A repository which will contain works related to recolouring the image using deep learning.
https://richzhang.github.io/colorization/resources/colorful_eccv2016.pdf
Given the lightness channel L, our system predicts the corresponding a and b color channels of the image in the CIE Lab colorspace.
Color prediction is inherently multimodal – many objects can take on several plausible colorizations. For example, an apple is typically red, green, or yellow, but unlikely to be blue or orange. To appropriately model the multimodal nature of the problem, we predict a distribution of possible colors for each pixel.

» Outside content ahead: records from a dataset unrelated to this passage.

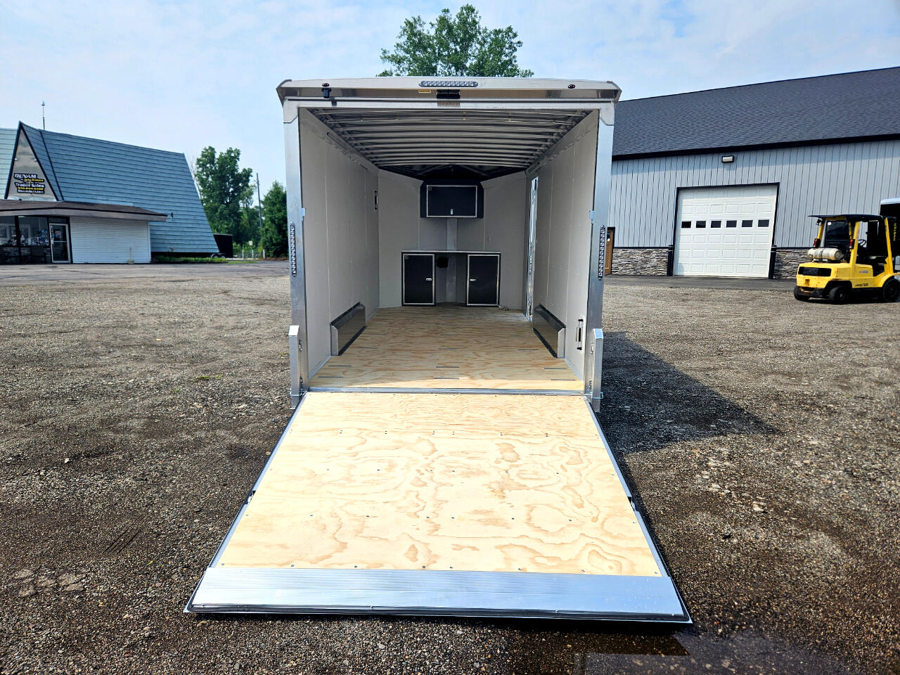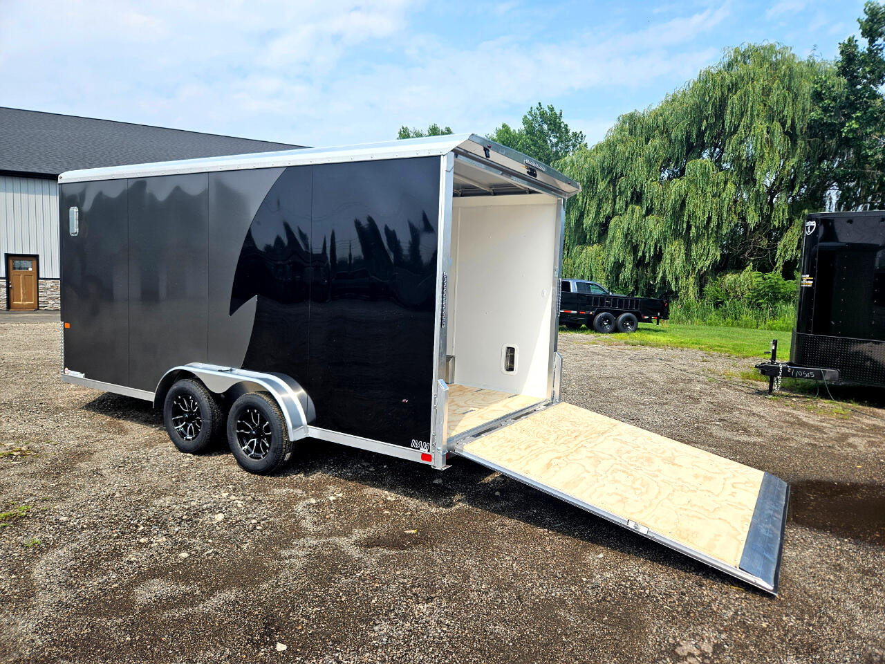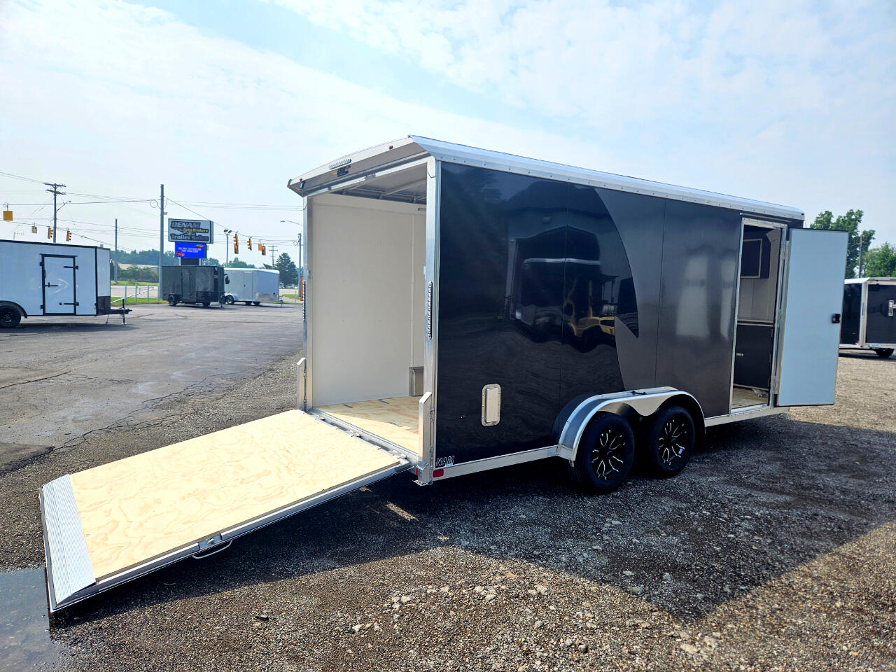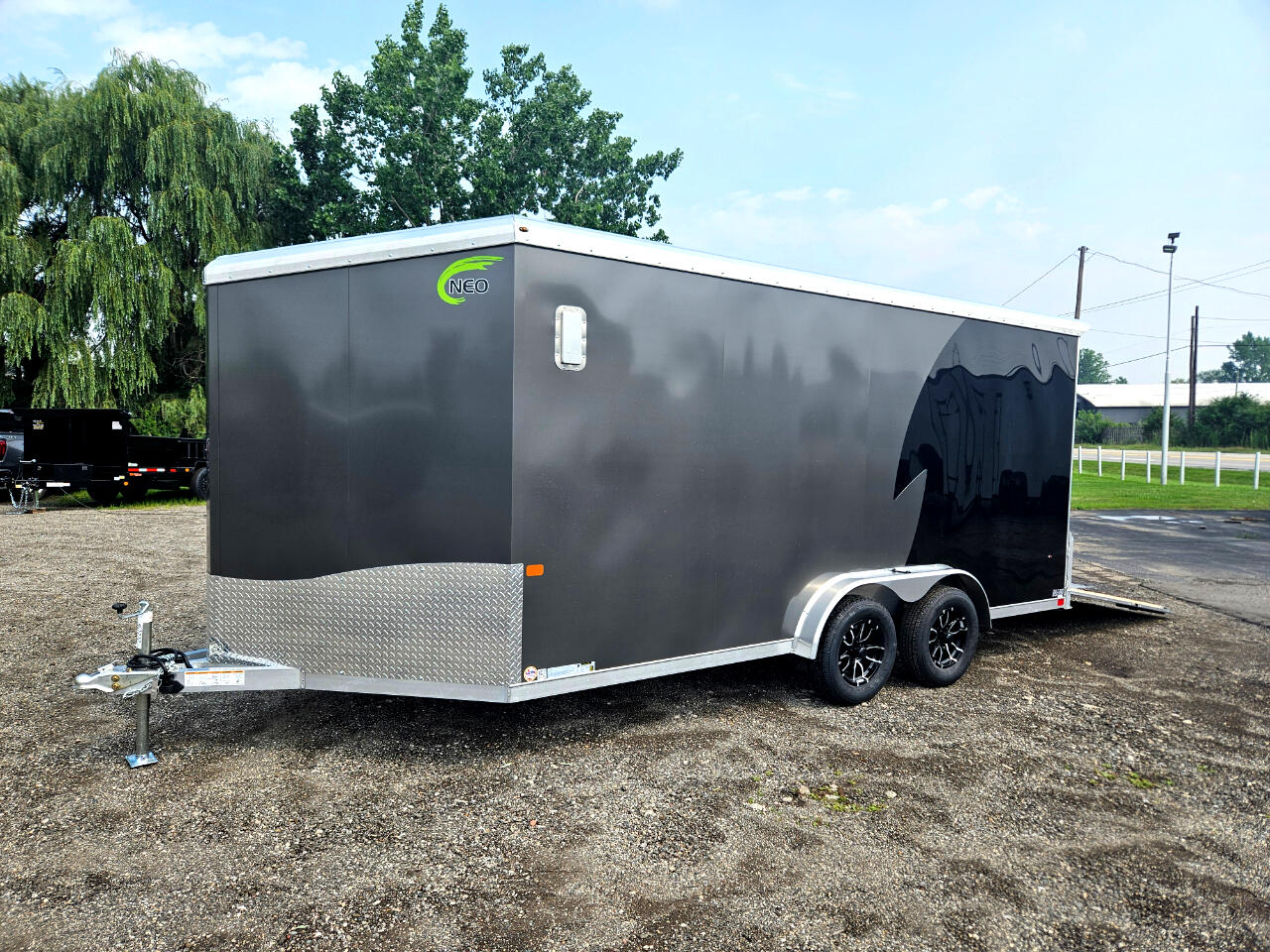 Brand New 2026 Model NEO Aluminum Motorcycle model. Extra height to handle most side x sides too!!! Super high quality build! FREE UPGRADES!!! Wheels & spoiler! *NAM1675TR80 model 7.5x16 *+6" height, 7' interior *CABLE-LESS rear ramp door!!! *Free DT Spoiler upgrade *Free aluminum wheel upgrade *3500lb Torsion axles *Upper and base cabinet units *White vinyl wall upgrade *16" OC framing! *Triple tube tongue *Two 36" LED interior lights *Rear loading light *Salem side air vents-adjustable *Rear drop down stabilizer jacks *Sport Tie Down system w/8 D-Rings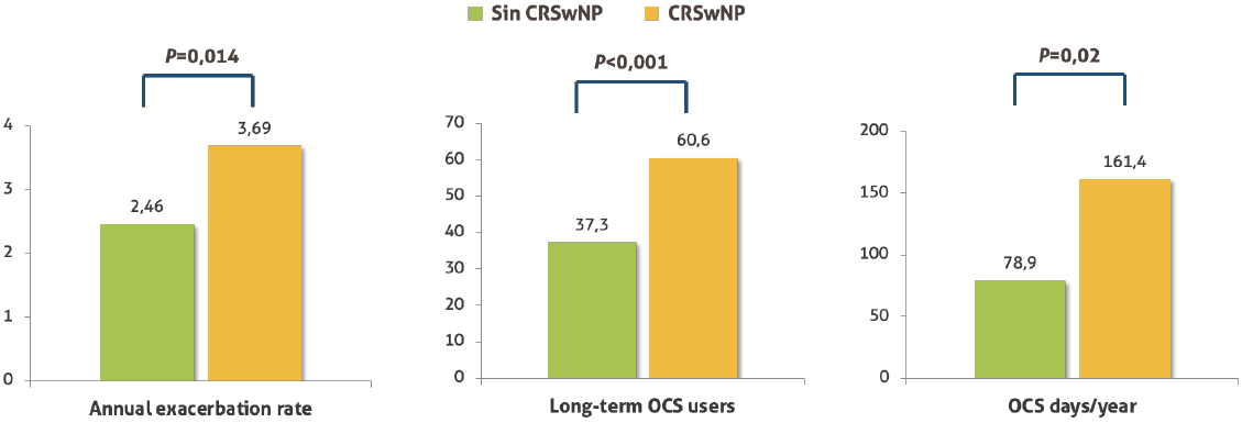 CRSwNP= rinosinusitis crónica con póloposos nasales.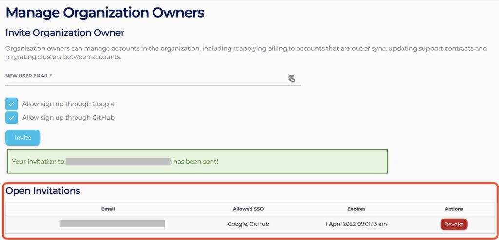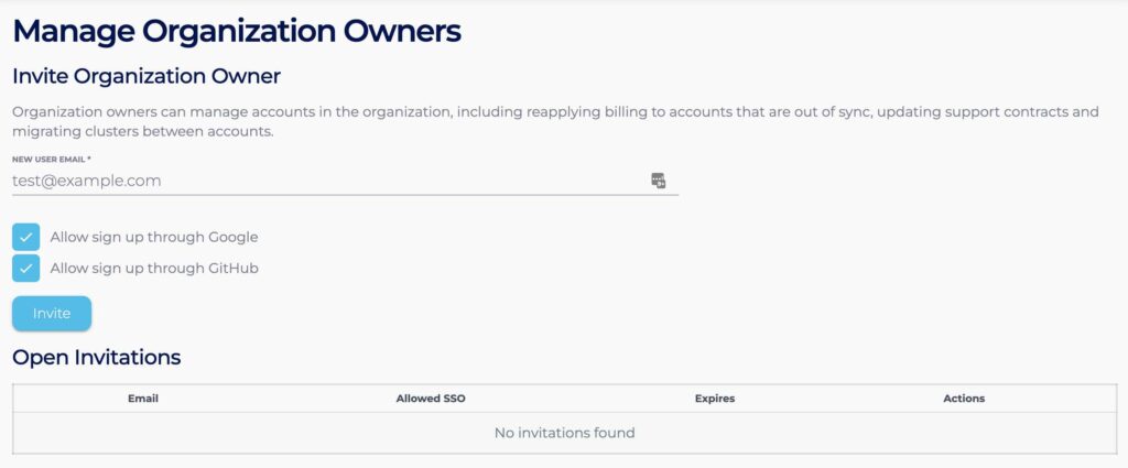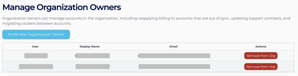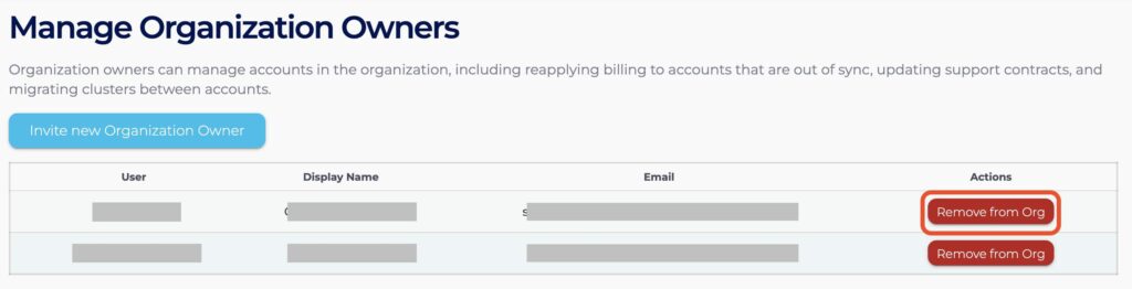 Note: Removing an Organization Owner only prevents the user from managing the organisation. It doesn’t prevent the user accessing Accounts and clusters they are a member of. The user should be removed from those accounts under the Account Settings page on Console.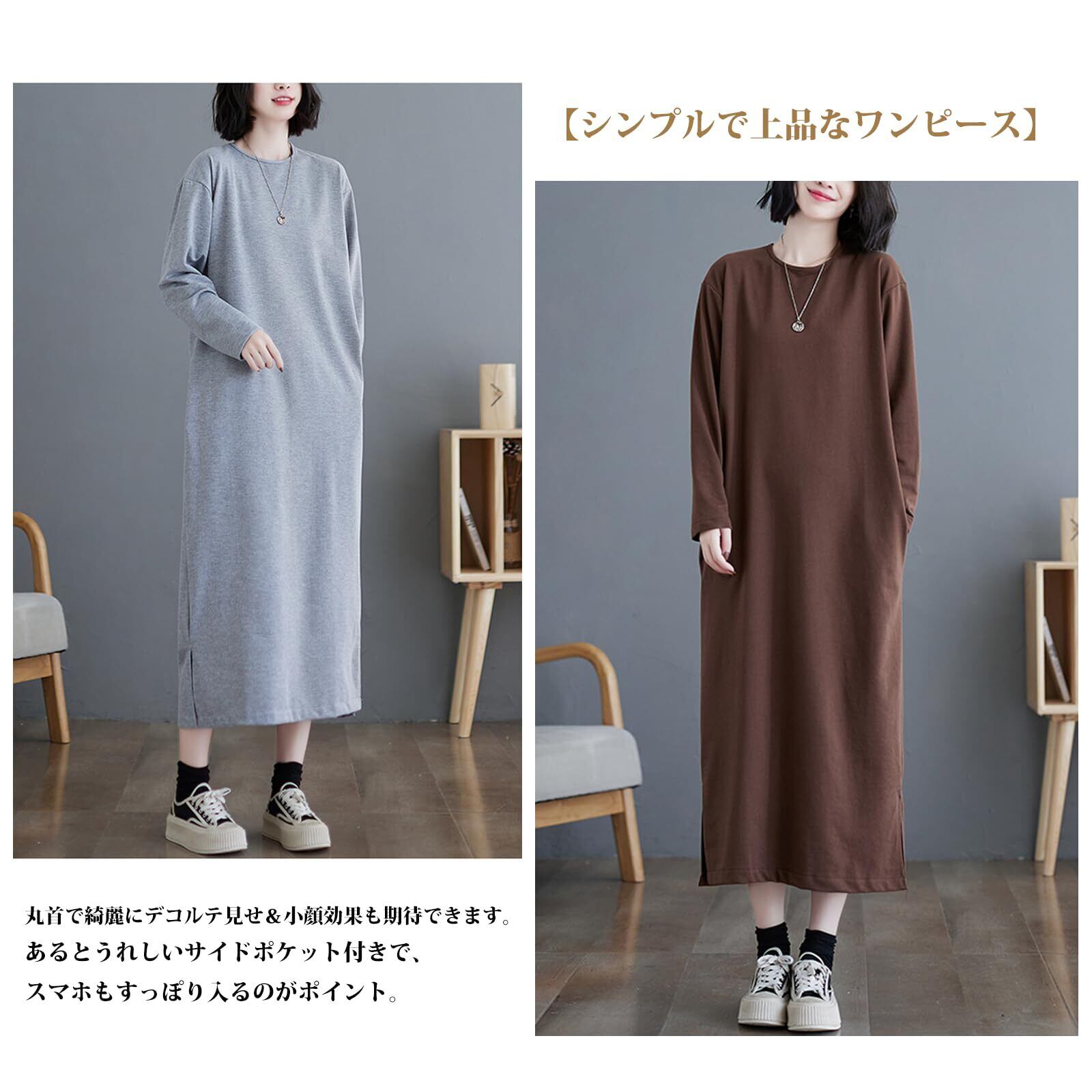 [CoeFodMavo] ワンピース レディース 長袖 ロングワンピース 丸首 スリット 体型カバー 大人 上品 可愛ら オーバーサイズ ゆったり 無地 着痩せ オフィス カジュアル おしゃれ 普段着 通勤 春 秋 冬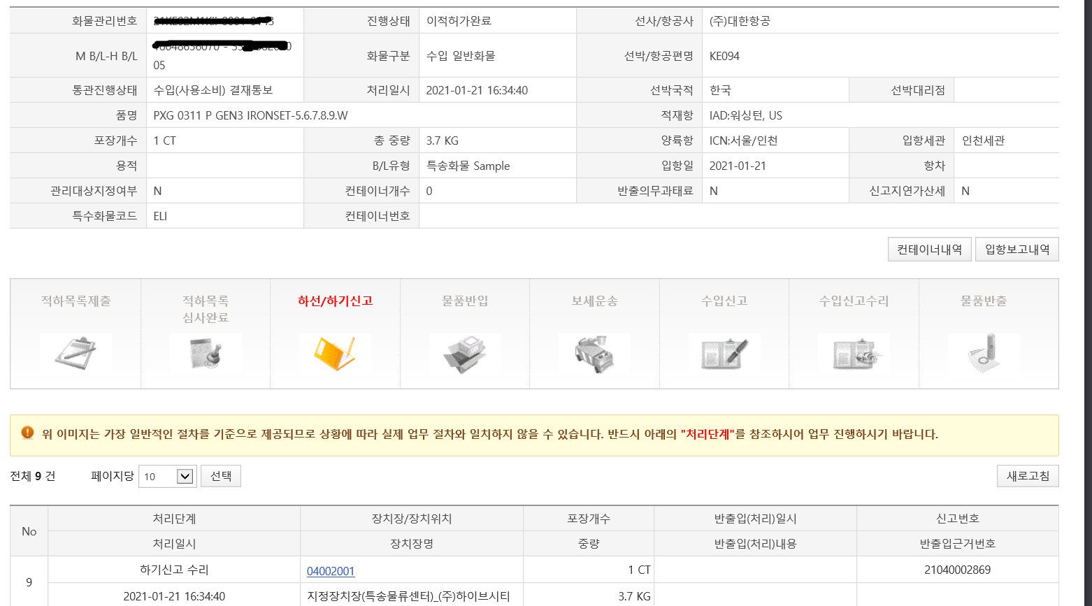 통관 진행중... 언제 수령 가능할까요???ㅎ

Re-weight the loss at training time to emphasize rare colors.. Lastly, we produce a final colorization by taking the annealedmean of the distribution
Tasks:
(a) designing an appropriate objective function that handles the multimodal uncertainty of the colorization problem and captures a wide diversity of colors,
(b) introducing a novel framework for testing colorization algorithms, potentially applicable to other image synthesis tasks, and
(c) setting a new high-water mark on the task by training on a million color photos.
We use a classification loss, with rebalanced rare classes. We use a single-stream, VGG-styled network with added depth and dilated convolutions
Trained on ImageNet
Arthitecture:
Each conv layer refers to a block of 2 or 3 repeated conv and ReLU layers, followed by a BatchNorm layer. The net has no pool layers. All changes in resolution are achieved through spatial downsampling or upsampling between conv blocks.